Bufo, mas é o que eu faria. Não a parte da morte, mas uma mulher consegue sobreviver se comer só molho... não consegue?

— Não. — ele responde os meus pensamentos.

Olho para ele, deixando claro com isso que não sei como ele sabe o que eu estava pensando.

— Você pode ser exímia ao não demonstrar nada no rosto, mas mulher, o seu corpo todo te denuncia. Quando tem uma ideia ruim, faz essa coisa de esfregar o indicador no polegar e um biquinho com os lábios. Toda vez.

Fico chocada quando paro pra pensar e vejo que é verdade. Olho para ele com desconfiança.

— Por quanto tempo você me observou para saber disso? E devo me preocupar?

— Dá pra sentir seus neurônios morrendo de longe, quando está planejando algo terrível. Basta existir para conseguir sentir.

A minha desconfiança só aumenta, porque eu sei que o Pierre e o Oliver, que realmente me conhecem há muitos anos, nunca perceberam nada assim.

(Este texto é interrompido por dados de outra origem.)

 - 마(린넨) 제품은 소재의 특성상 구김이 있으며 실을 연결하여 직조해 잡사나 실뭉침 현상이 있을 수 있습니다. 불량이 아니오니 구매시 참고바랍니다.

Eles com certeza diriam se houvessem percebido...

— Você não respondeu a segunda pergunta. — aponto.

— Não sou eu quem deve decidir isso, oras. Eu sei que não estou fazendo nada demais, mas vai que você descobre que eu queimei o cabelo da minha mãe uma hora antes do baile de formatura dela. Eu não confiaria seu cabelo a mim, se fosse você.

Olho para o cabelo dele, espetado em muitas direções diferentes.

— Eu já não confiaria.

— Mas confiaria se estivéssemos presos em um labirinto cuja saída você desconhece, não é?

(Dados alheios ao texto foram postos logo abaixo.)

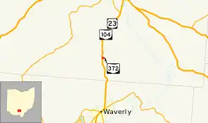 State Route 372 (SR 372) is a very short, two-lane east–west state highway in the southern part of the U.S. state of Ohio. The western terminus of this spur route is at a T-intersection with the concurrency of U.S. Route 23 (US 23) and SR 104 about six and a half miles (10.5 km) north of Waverly. Its eastern terminus is just 0.68 miles (1.09 km) to the east of that point at the boundary of Scioto Trail State Forest. Continuing east of that point is Stoney Creek Road, which traverses through the state forest in the direction of the Scioto River. From its inception in the middle of the 1930s, the primary function of SR 372 has been to provide access to the state forest from the state highway system.

Não respondo, não preciso. Não gosto do desconhecido e isso não é novidade para ninguém, e este é o problema dele apontar alago do tipo sobre mim.

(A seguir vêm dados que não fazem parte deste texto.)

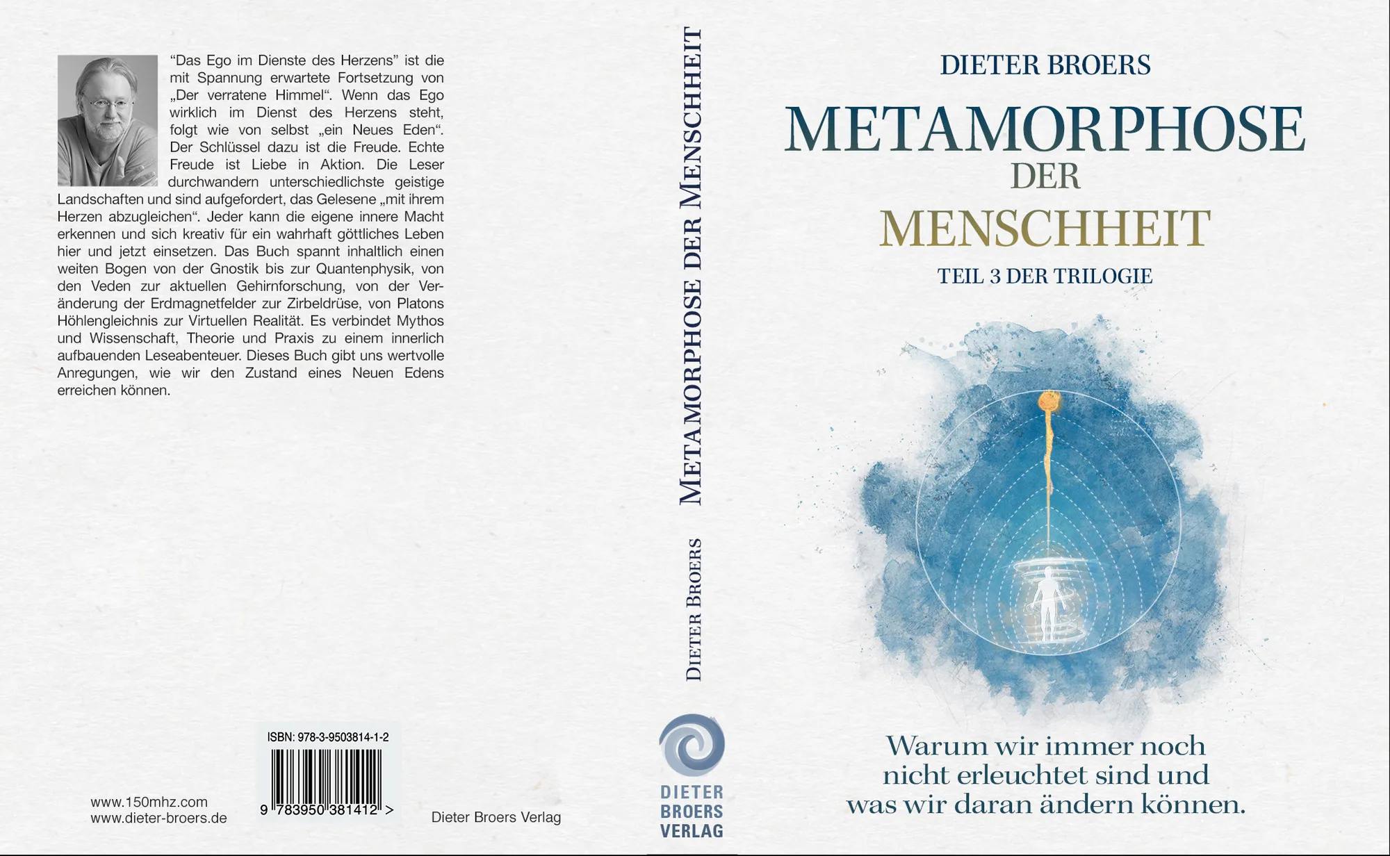 Cover and layout work for Metamorphose der Menschheit (Dieter Broers), designed around a calm, high-contrast system: bright space, crisp typography, and a slightly “cosmic” atmosphere that stays readable from thumbnail to print.

Ele já não é mais só um desconhecido que entrou comigo em uma capela em Vegas. Já sabe mais sobre mim que a minha família, e já sabe como me provocar até o limite da minha paciência, tudo em apenas um mês. Isso é perigoso, e é...

Droga, é bom. E acho que tô ficando acostumada a isso, o que é muito, muito pior.